The Handmaid´s Tale se alzó hace muy pocos días con 5 premios Emmy que incluyeron nada menos que los de mejor serie, mejor actriz y mejor guion. Y la sonrisa de la actriz Elizabeth Moss fue replicada en todos los medios del mundo. Primera mujer publicista en Mad Men, última americana fértil en The Handmaid´s Tale, Moss es una criatura brillante de apenas 35 años, hija de un padre manager de músicos de jazz y de una madre armoniquista que tocó junto a B. B. King. "Es Jack Lemmon, es Ernest Borgnine en Marty… uno quiere que triunfe. Es muy ambiciosa, pero lo último que haría sería pisar a alguien para llegar a la cima", dijo de ella Mathew Weiner, creador de Mad Men sobre su personaje, la inolvidable Peggy.
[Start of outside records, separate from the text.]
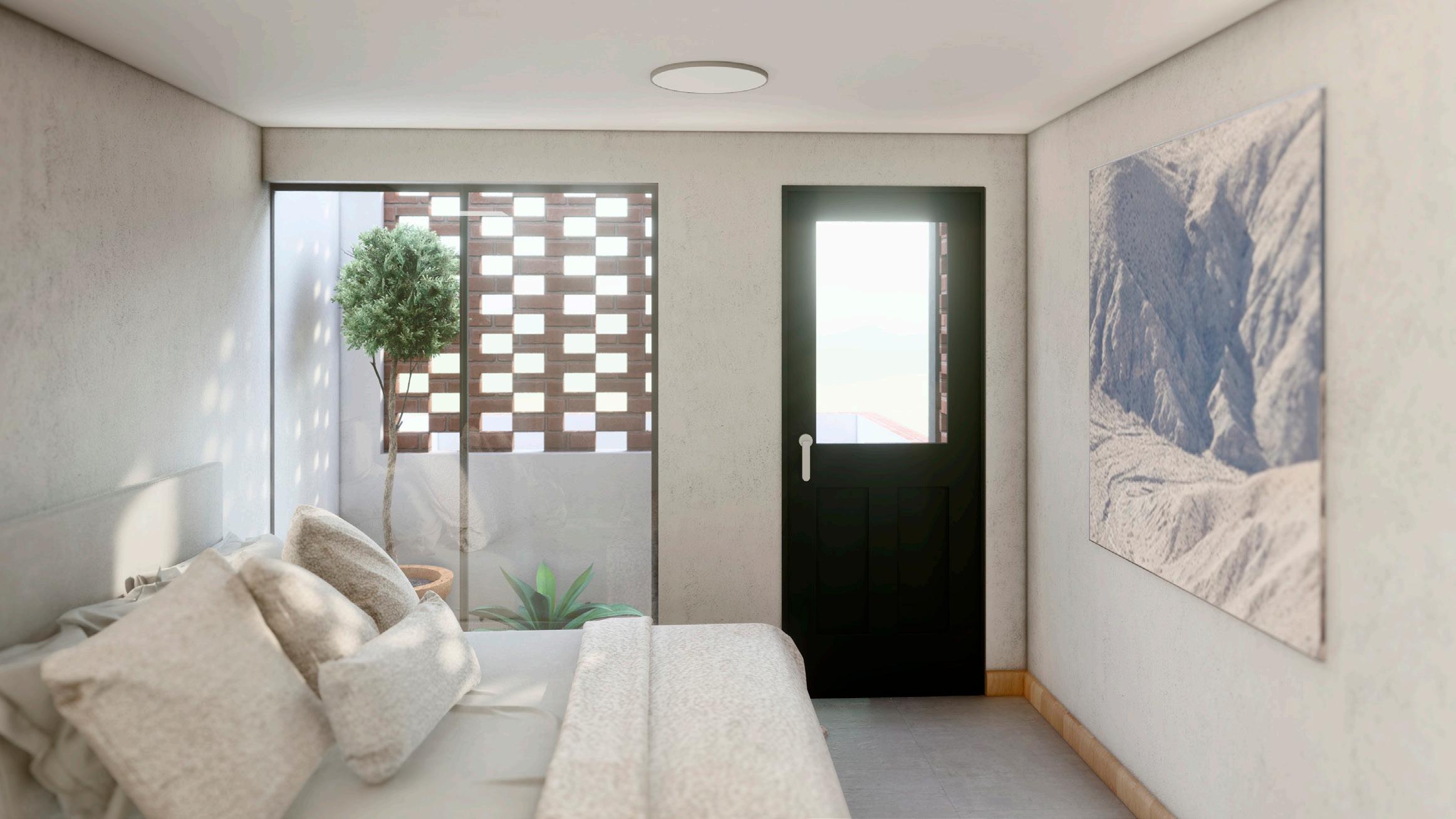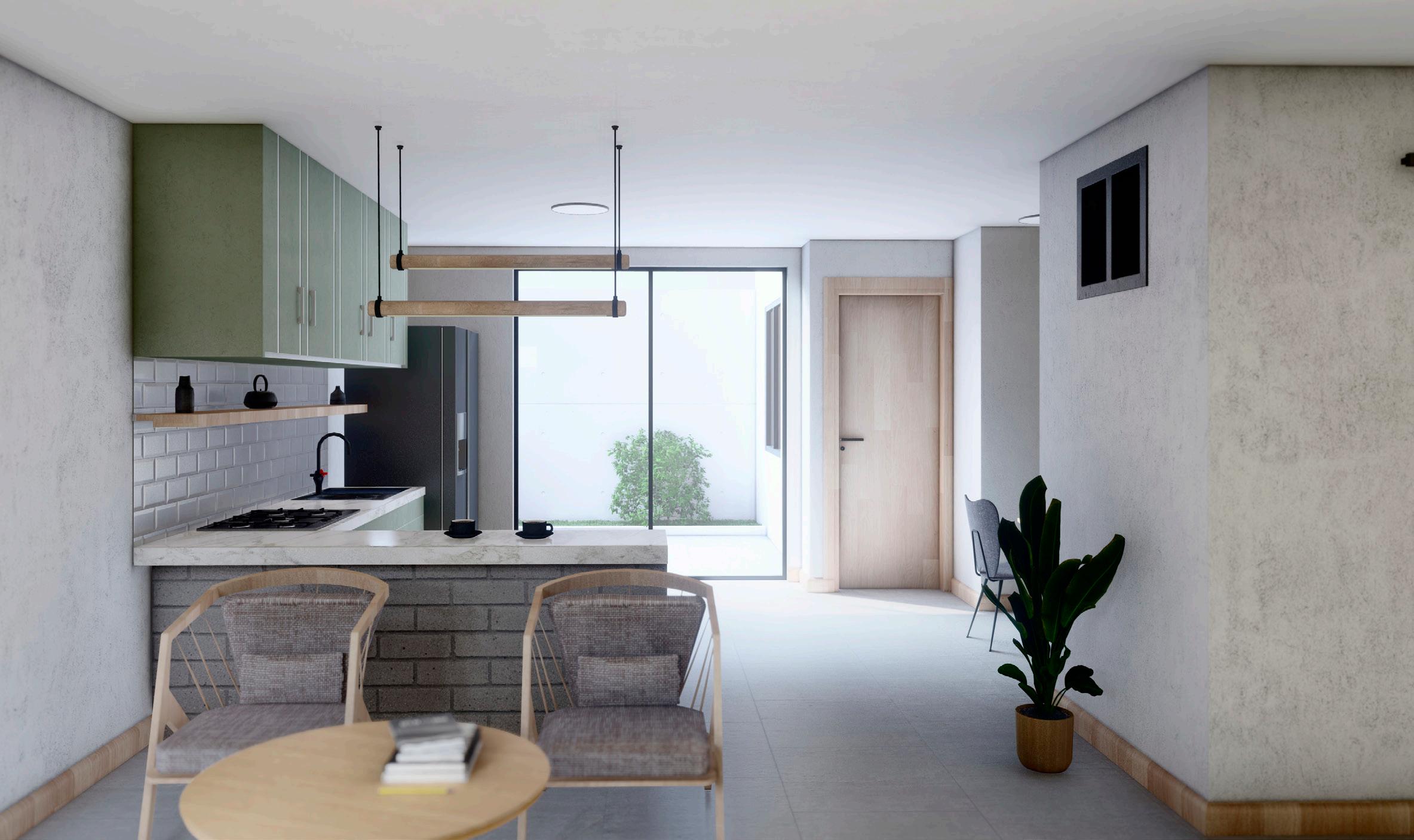 Esta planta cuenta con la vivienda antigua remodelada con una nueva distribución, ingresando por la zona so cial que integra: sala, cocina y comedor con una visual mas amplia desde el ingreso hasta el patio, permitiendo ventilación cruzada y una mayor iluminación.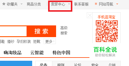 登录淘宝官网,单击网站右上方的“卖家中心”链接,进入店铺后台管理页面。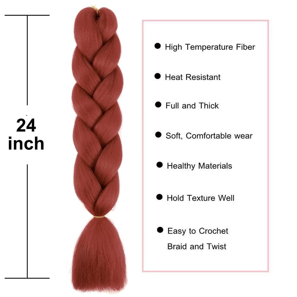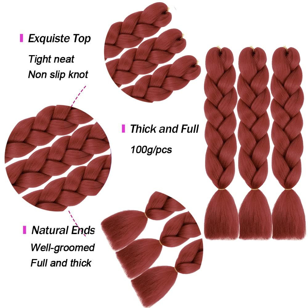 Chcete oživiť svoj vzhľad špeciálnym účesom? PORSMEER 3-dielna súprava jumbo braid syntetických vlasov je ideálna voľba pre všetkých, ktorí si chcú vytvoriť jedinečný a efektný účes s minimálnym úsilím. Táto prémiová, 60 cm dlhá červenohnedá súprava Kanekalon syntetických vlasov vám umožní v okamihu vytvoriť ohromujúci zapletaný účes.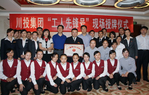 2010年8月26日下午3点,川投国际网球中心房务部主楼6楼热闹非凡,不时响起阵阵掌声。在这里,正在进行 “川投集团工人先锋号”现场授牌仪式,川投集团党委副书记董建良、工会主席吴天凤、总经济师李文志、党群部副主任王军参加了此次授牌仪式,集团党委副书记董建良亲自为获得“川投集团工人先锋号”的川网公司房务部进行了授牌并给予鼓励。

La que no debía escarbar mucho el paño verde de los slogans para recibir el mensaje del machismo y sus palazos a tres bandas (Sterling, Cooper y Draper) en un juego de hombres en el que las mujeres apenas tenían lugar.
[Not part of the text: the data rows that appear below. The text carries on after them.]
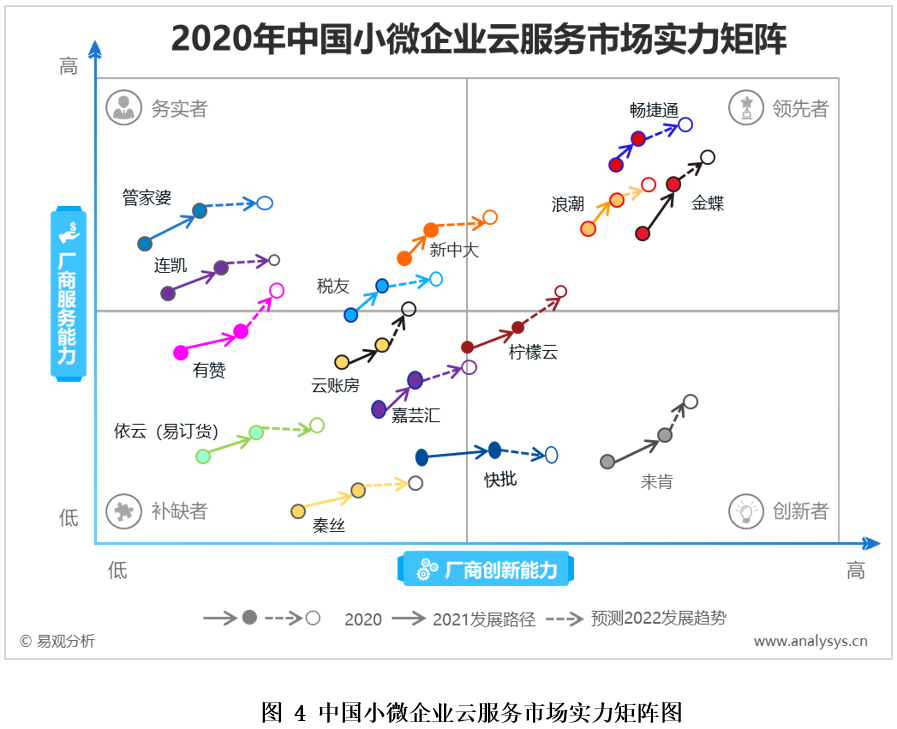 創(chuàng)新者在技術(shù)創(chuàng)新上投入,以數(shù)字化賦能深耕領(lǐng)域,并以獨(dú)特的經(jīng)營(yíng)模式,獲得核心競(jìng)爭(zhēng)力。創(chuàng)新者代表有檸檬云、來肯等。其中,檸檬云以永久免費(fèi)的財(cái)務(wù)軟件、進(jìn)銷存SaaS和專業(yè)代賬軟件作為運(yùn)營(yíng)策略,吸引弱財(cái)力的小微企業(yè),從拓業(yè)、獲客、提效三大方面賦能,助力小微企業(yè)數(shù)字化升級(jí),實(shí)現(xiàn)財(cái)務(wù)工作高效、高質(zhì)量并降低企業(yè)經(jīng)營(yíng)成本,檸檬云也以其獨(dú)特的經(jīng)營(yíng)模式領(lǐng)跑財(cái)務(wù)SaaS領(lǐng)域。來肯聚焦商貿(mào)領(lǐng)域,自2015年上線來肯云商,持續(xù)創(chuàng)新不斷迭代升級(jí)產(chǎn)品,在進(jìn)銷存基礎(chǔ)上加載數(shù)字營(yíng)銷、全流程移動(dòng)化、支持供應(yīng)鏈互通等構(gòu)成產(chǎn)品核心競(jìng)爭(zhēng)優(yōu)勢(shì)。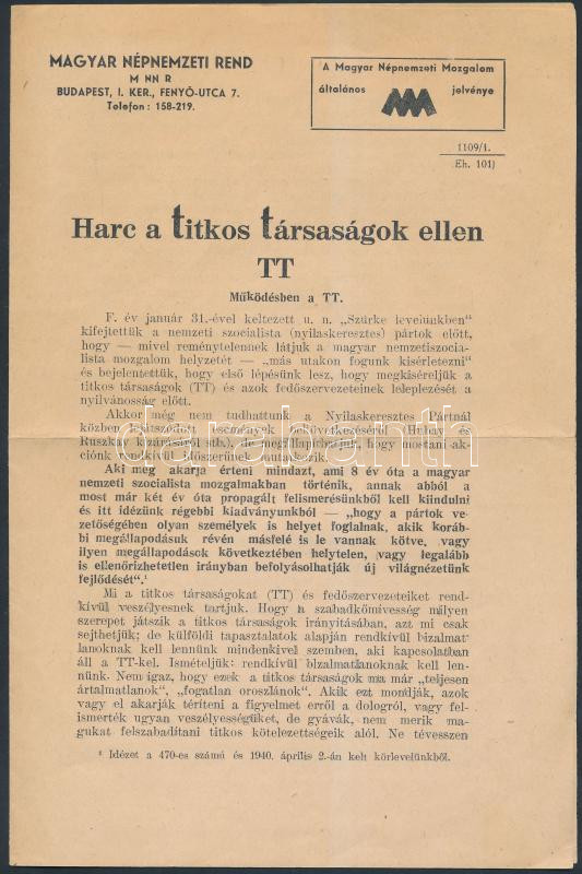 Beschreibung: 1942 "Harc a Titkos Társaságok ellen", a Magyar Népnemzeti Rend szélsőjobboldali mozgalom szórólapja, 4 p.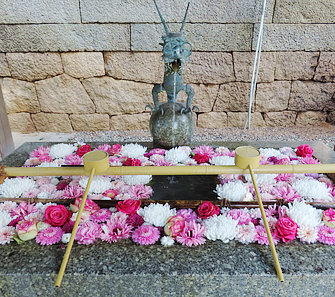 709年頃の起源で毛利元就も戦勝祈願をしたという由緒ある神社です。境内では花手水が美しく神社では初めて見る景色でした。

The Handmaid's Tale fue creada por Bruce Miller y está basada en la novela de 1985 de Margaret Atwood. La serie, un éxito total de la crítica que cuenta con las propias Moss y Atwood como productoras, narra una época distópica en la que, luego de una guerra civil y una crisis nuclear que esteriliza a gran parte de la población, de EE. UU. emerge victorioso un gobierno teocrático. Una sociedad militarizada donde también hay nuevas clases sociales. O, mejor dicho, tan antiguas como los del Ancien Regime previo al Iluminismo. La oligarquía triunfadora caza mujeres potencialmente fértiles: son las criadas. A éstas se las llama según el apellido las familias que las somete: las intercambiables y abstractas Offred, Ofwarren, Ofdaniel (de Fred, de Warren, de Daniel). El nuevo poder cambia las palabras y las cosas.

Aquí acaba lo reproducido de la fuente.